WORK TO BE COMPLETED ▸ Could you copy exactly the lines below, beginning at the line with "Voici différentes étapes" and stopping after the line with "메인화면으로 돌아가 검색창에", with no pictures?
[Opening DATA section]
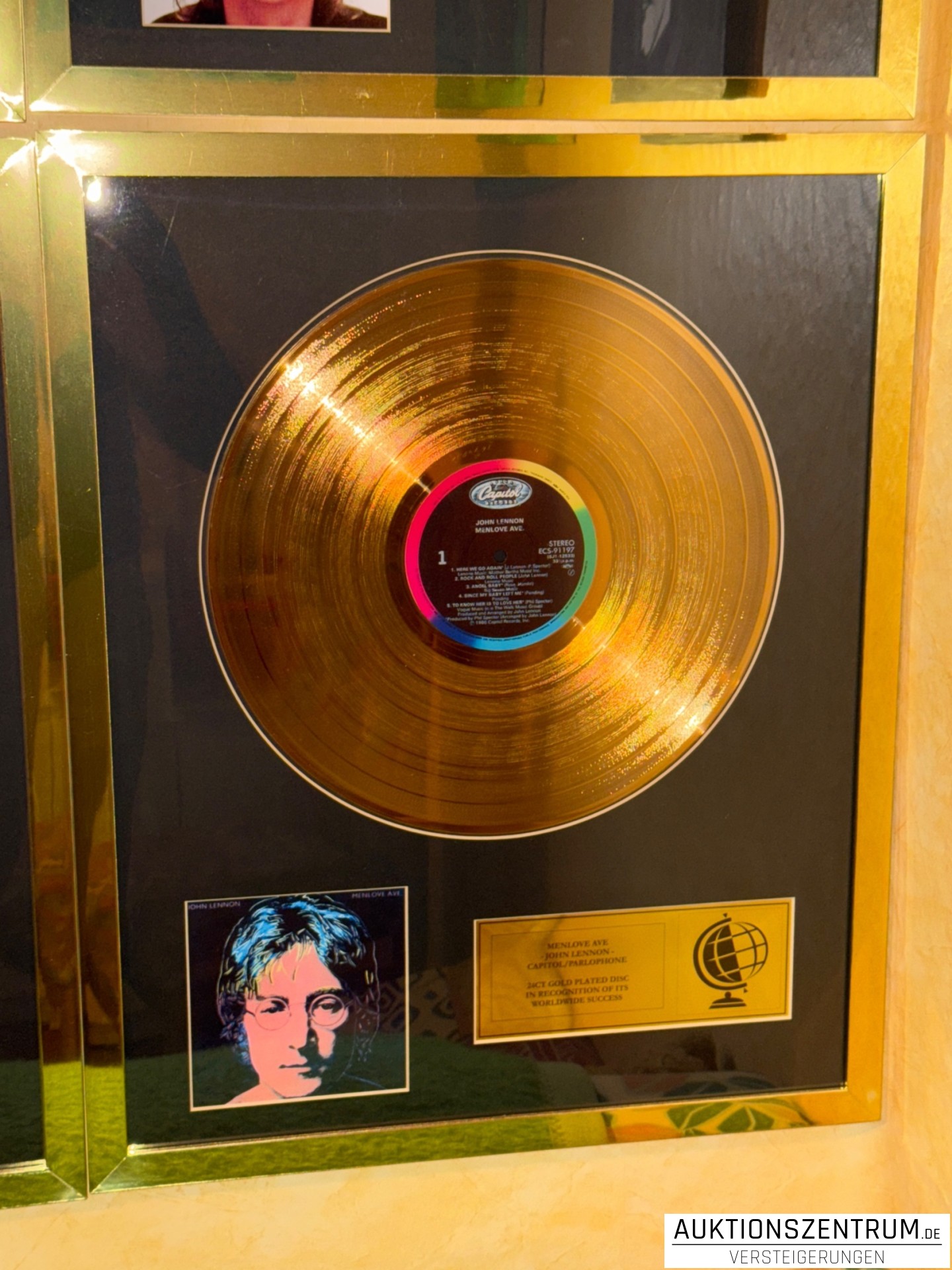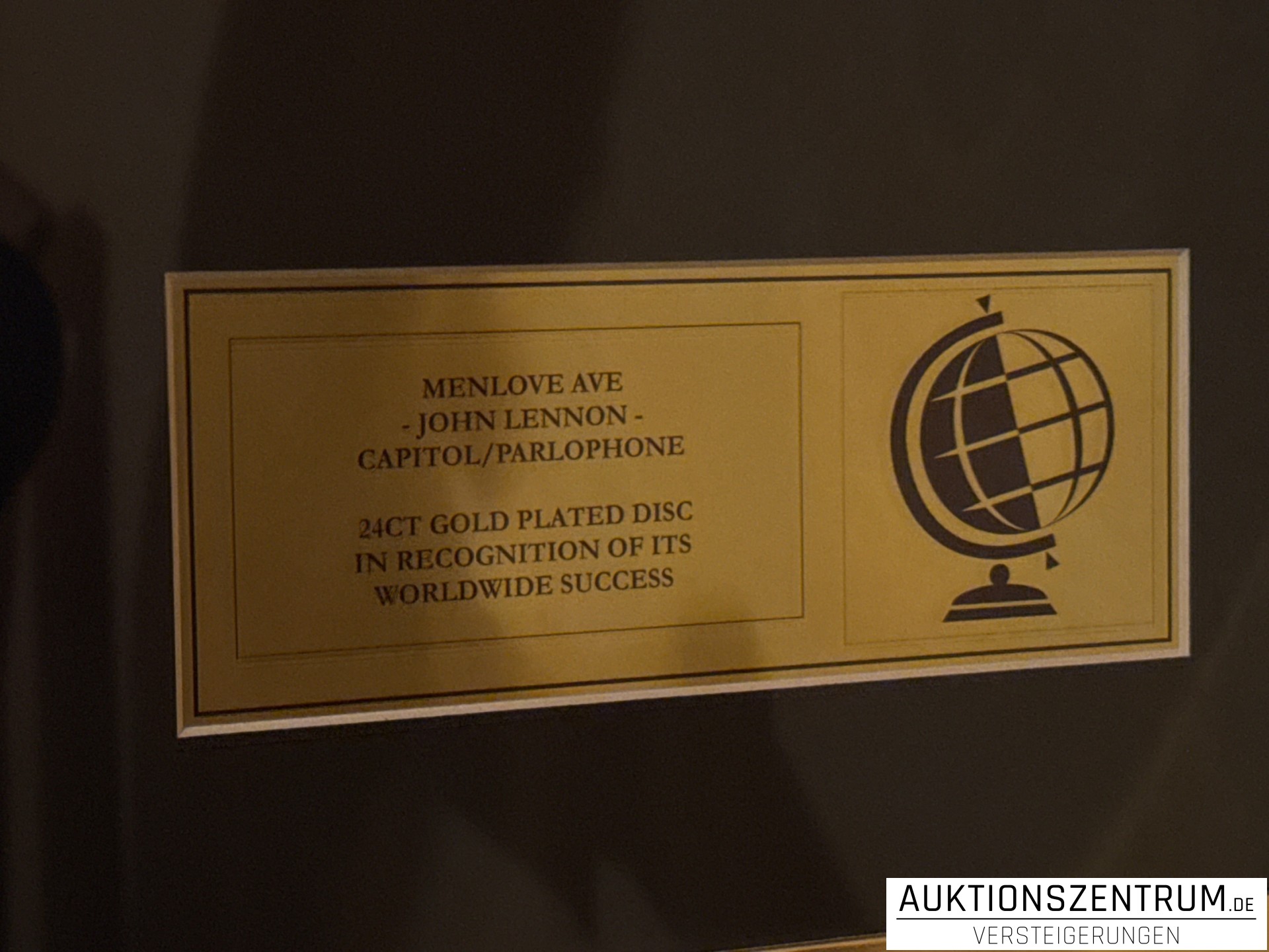 Lot 214 - John Lennon, Menlove Ave, Capitol, 24K Gold Plated Disc: LP Award Display
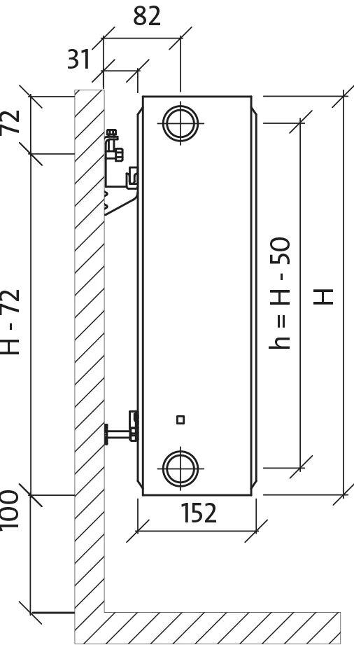Universalūs PURMO „Ventil Compact“ radiatoriai su profiliuotomis plokštėmis ir konvekciniais elementais, su šoniniais gaubtais ir viršutinėmis grotelėmis. Du apačioje ir keturi šone esantys prijungimo atvamzdžiai, sriegti iš vidaus G ½", suteikia galimybę jungti iš apačios, o prireikus ir iš šono. Radiatorius su „Oventrop“ pirminio reguliavimo termostatiniu vožtuvu. Medžiaga: aukštos kokybės štampuojamo neanglingojo valcuoto plieno skarda FePO 1 pagal EN 10130 Vertikalių vandens kanalų žingsnis: 33,3 mm Atvamzdžiai: 2 x G ½ " apatinio prijungimo dešinėje (kairėje - pagal užsakymą), 4 x G ½ " šoninio prijungimo Darbinis slėgis: 10 bar Maksimali temperatūra: 110 °C Bandymų slėgis: 13 bar Spalva: balta RAL 9016, kitos RAL paletės spalvos - pagal užsakymą Priklausiniai: tvirtinimo elementai, aklė, oro ventilis (įeina į komplektą) |
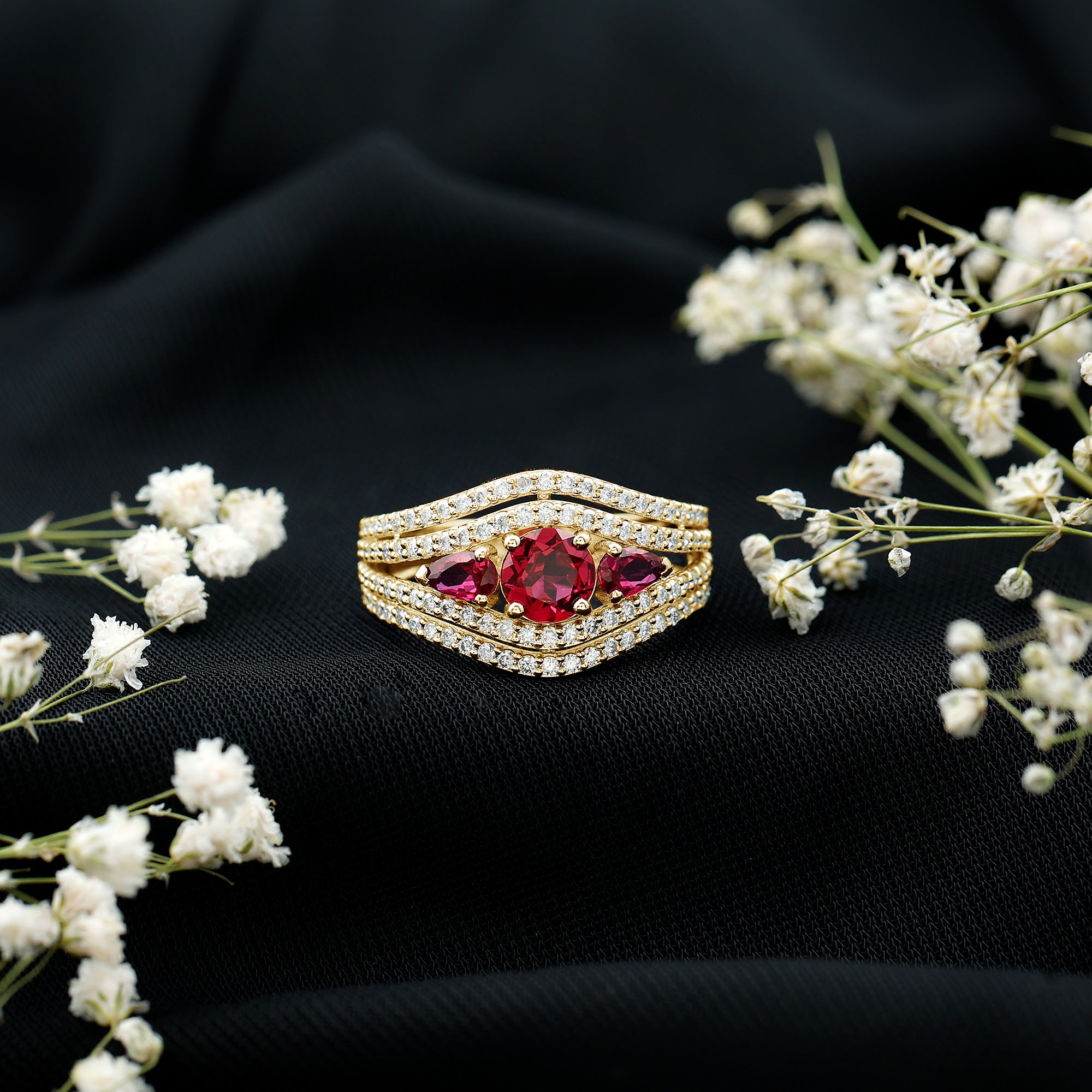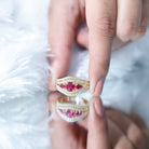 Let this stunning Ruby 3 Stone Engagement Ring be the symbol of your everlasting love. Features a trio of round and pear shape lab created ruby exquisitely held in prong setting. Sparkling round-shaped moissanite glistening on the shank for a unique and eye-catching look. Crafted to attention, the three stone ring is a masterpiece that she will cherish forever. The captivating red allure of rubies with the eternal shine of moissanite makes this ruby ring gold absolutely stunning.
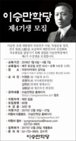 이승만학당이 오는 27일까지 제 4기 수강생 80명을 모집한다.이승만학당은 이승만 건국 대통령의 자유민주 이념과 독립운동 업적, 건국 원훈(元勳)을 널리 보급해 대한민국 선진화와 자유통일을 앞당긴다는 취지로 2016년 9월 설립된 교육기관이다.강의는 첫 개강일인 내년
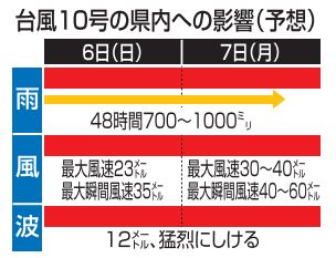 2020/09/05社会news台風10号は5日、南大東島の南南西約40キロの海上を北北西に進んだ。風速15メートル以上の強風域が拡大し、「大型で非常に強い」勢力に発達。特別警報級の勢力で7日には九州へ接近・上陸する見通し。本県は6日明け方から強風域、夜のはじめ頃に風速...
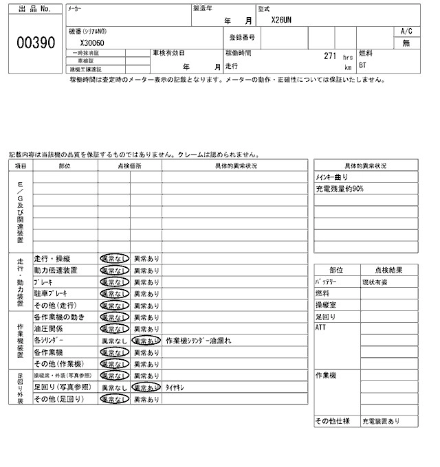 КузовX26UN КомплектацияKOK SUN HIGH PLACE OPERATION CAR
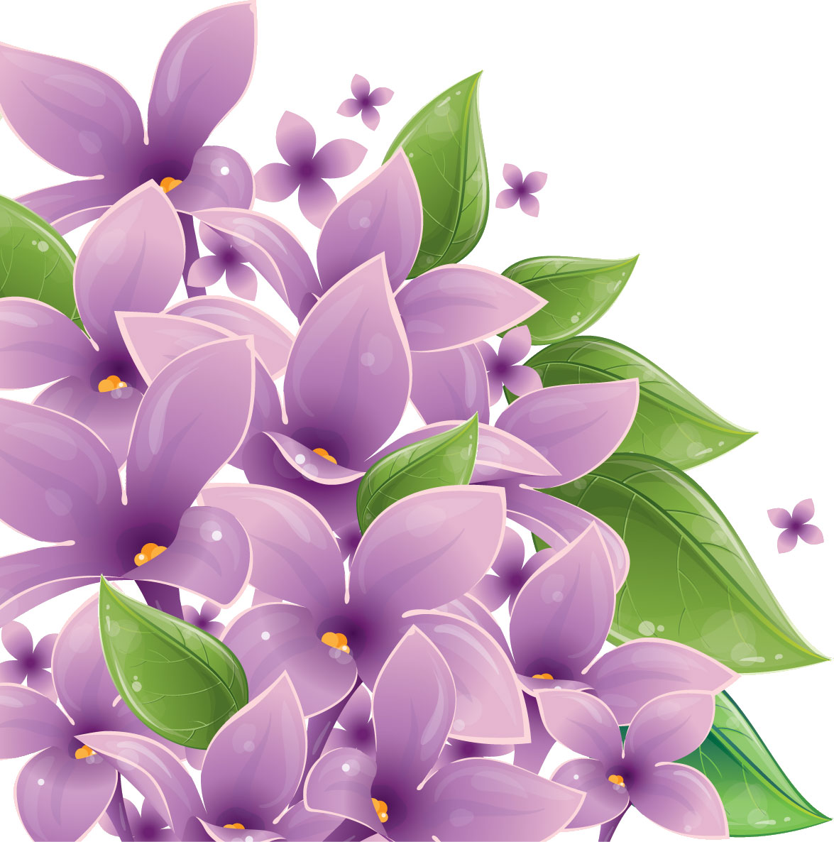 紫色の花のイラスト・フリー素材 No.361『紫・葉』。
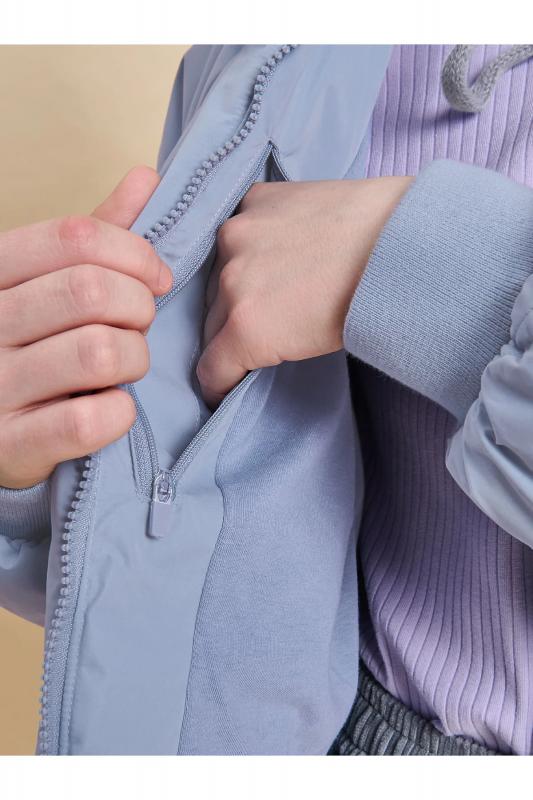 Куртка детская демисезонная на синтепоне для девочек, длиной до середины бедра. Изделие актуального оверсайз-силуэта выполнено из курточной ткани эпонж (шелковистая с шероховатой поверхностью) с водоотталкивающим покрытием — ребёнок не промокнет под дождём. Капюшон двухшовный, что обеспечивает анатомически правильную форму и комфортную посадку по голове. Высокое забрало создаёт ощущение тепла и уюта. Капюшон не отстегивается, застёгивается на скрытые магниты — ребёнку просто застёгивать и расстёгивать. Предусмотрена регулировка объема эластичными шнурами с пластиковыми стопперами. Центральная застёжка на пластиковую тракторную молнию, разъёмную с двух сторон — удобно садиться, пуллеры металлические, прочные. Куртка тёплая — дополнительно, для защиты от ветра и холода, центральная молния с изнаночной стороны закрыта ветрозащитной планкой. Рукава кроя реглан по низу собраны на манжеты из эластичной рибаны (ткань в рубчик) — они препятствуют задуванию ветра, при этом рибана долго сохраняет эластичность, не раст
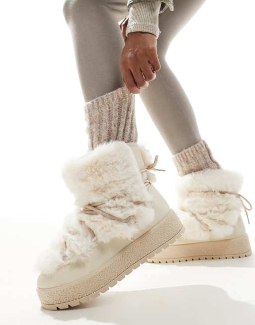 South Beach Faux Fur Lace Up Ankle Boots in Cream
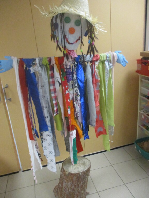 Voici différentes étapes de la réalisation de notre épouvantail dans notre classe de TPS-PS-MS. Nous avons commencé à accrocher des morceaux de tissus que nous avions emportés de la maison, sur la structure en bois. Nous avons ensuite rempli de paille une poche en plastique pour faire la tête. Nous y avons collé des bouchons
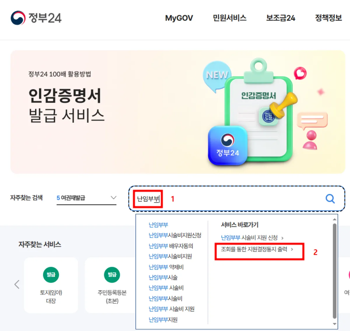 메인화면으로 돌아가 검색창에 '난임부부'라고 검색하면 나오는 '조회를 통한 지원결정통지 출력'을 클릭합니다.
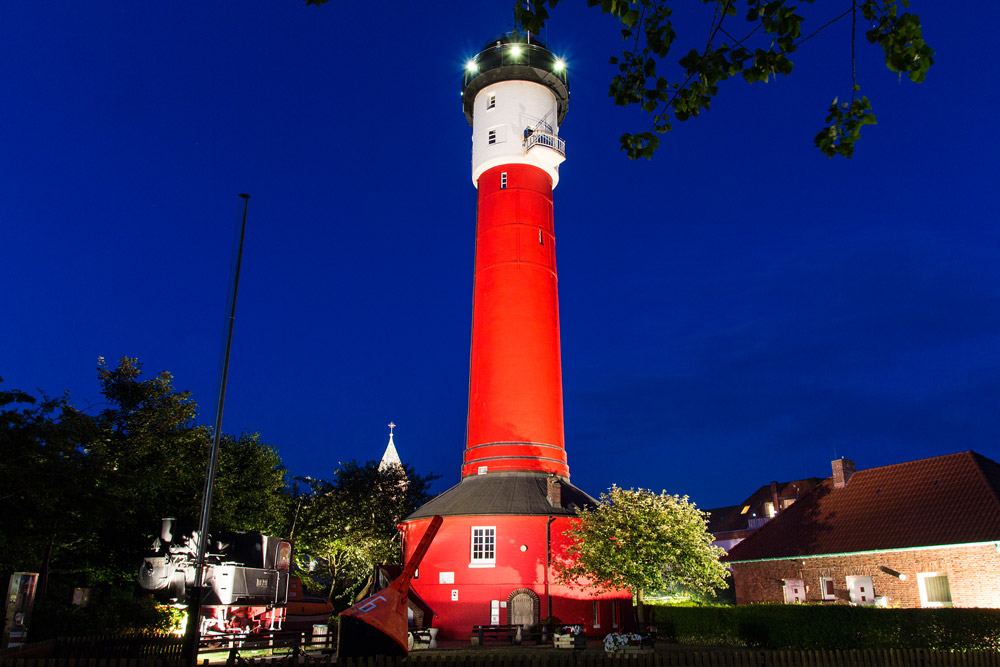 Noch ist ein wenig Resthelligheit im Himmel vorhanden, doch es wird nun von Minute zu Minute dunkler. Wunderbar hebt sich der rot und weiß gestrichene, angestrahlte Alte Leuchtturm vom dunkelblauen Himmel ab. Unten links ist ferner die ehemalige Inselbahn-Lokomotive »99 211« erkennbar.
[Closing DATA section]
SOLUTION TO THIS TASK ▸
 Voici différentes étapes de la réalisation de notre épouvantail dans notre classe de TPS-PS-MS. Nous avons commencé à accrocher des morceaux de tissus que nous avions emportés de la maison, sur la structure en bois. Nous avons ensuite rempli de paille une poche en plastique pour faire la tête. Nous y avons collé des bouchons
 메인화면으로 돌아가 검색창에 '난임부부'라고 검색하면 나오는 '조회를 통한 지원결정통지 출력'을 클릭합니다.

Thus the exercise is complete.